Auto Arena
PassAudited by VirusTotal on May 11, 2026.
Overview
Type: OpenClaw Skill Name: auto-arena Version: 1.0.0 The 'auto-arena' skill is a legitimate tool designed for benchmarking and comparing AI models using the OpenJudge framework. The SKILL.md file provides clear instructions for query generation, model evaluation, and report generation, aligning perfectly with its stated purpose. There are no signs of data exfiltration, malicious code execution, or prompt injection; the use of API keys and environment variables is standard for interacting with LLM providers like OpenAI and DashScope.
Findings (0)
Artifact-based informational review of SKILL.md, metadata, install specs, static scan signals, and capability signals. ClawScan does not execute the skill or run runtime probes.

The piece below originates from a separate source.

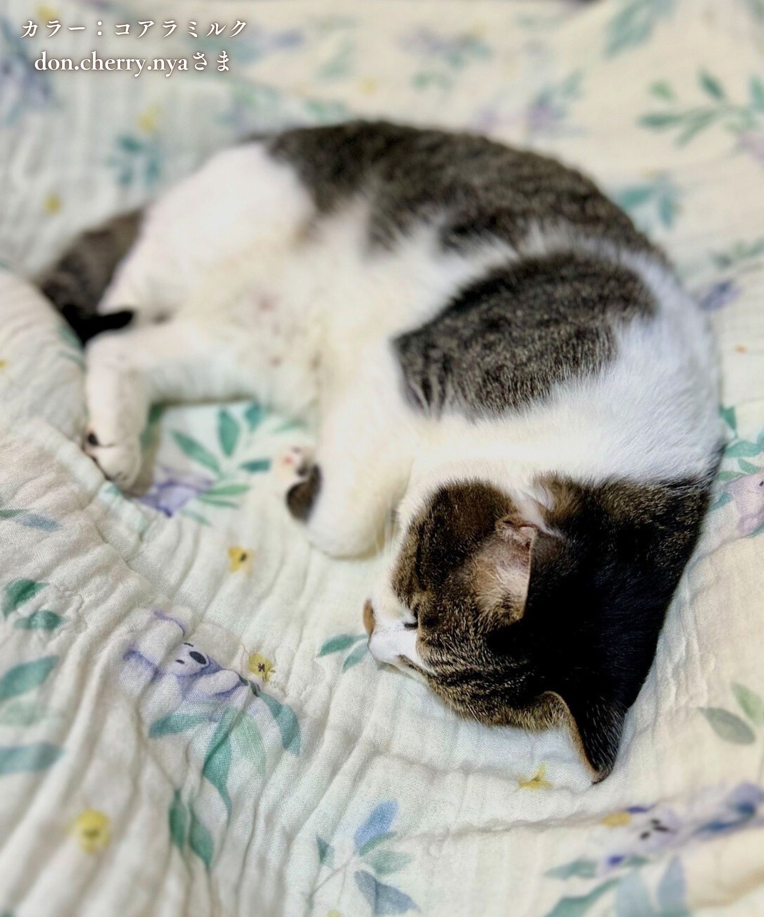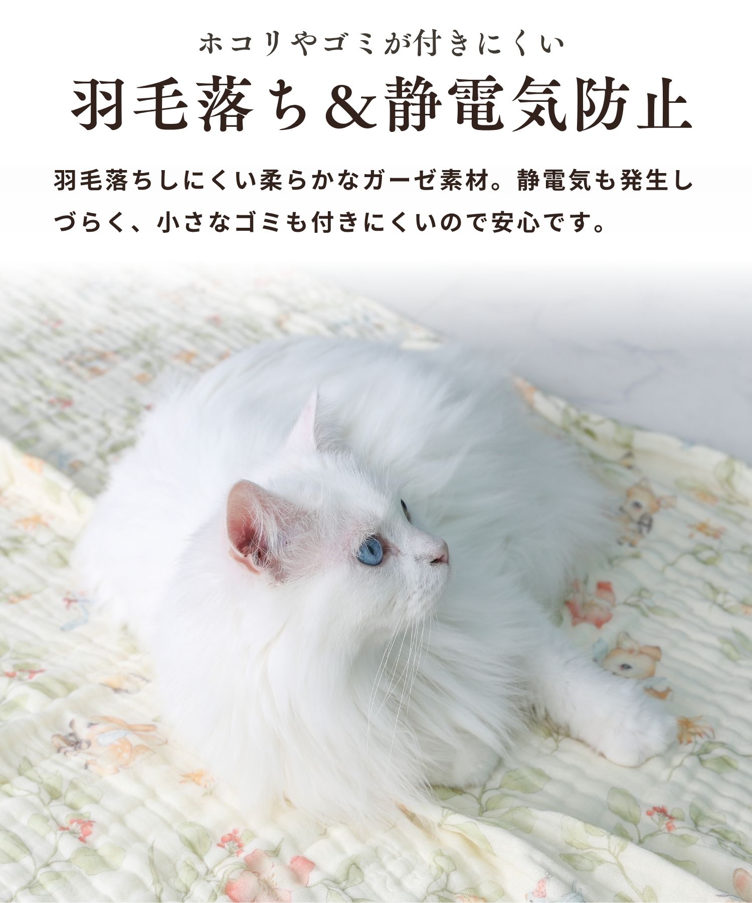 柄が可愛くて手触りも良く、洗濯機で洗ってもよれないので重宝しています。猫達もお気に入りです。

Installing unverified or wrong packages could run code outside the reviewed artifact set.
The skill relies on external, unpinned Python packages installed manually by the user. This is expected for the skill's purpose, but users should verify package provenance before installing.
pip install py-openjudge # Extra dependency for auto_arena (chart generation) pip install matplotlib
Install only from trusted package sources, review the package/project, and consider pinning versions in a controlled environment.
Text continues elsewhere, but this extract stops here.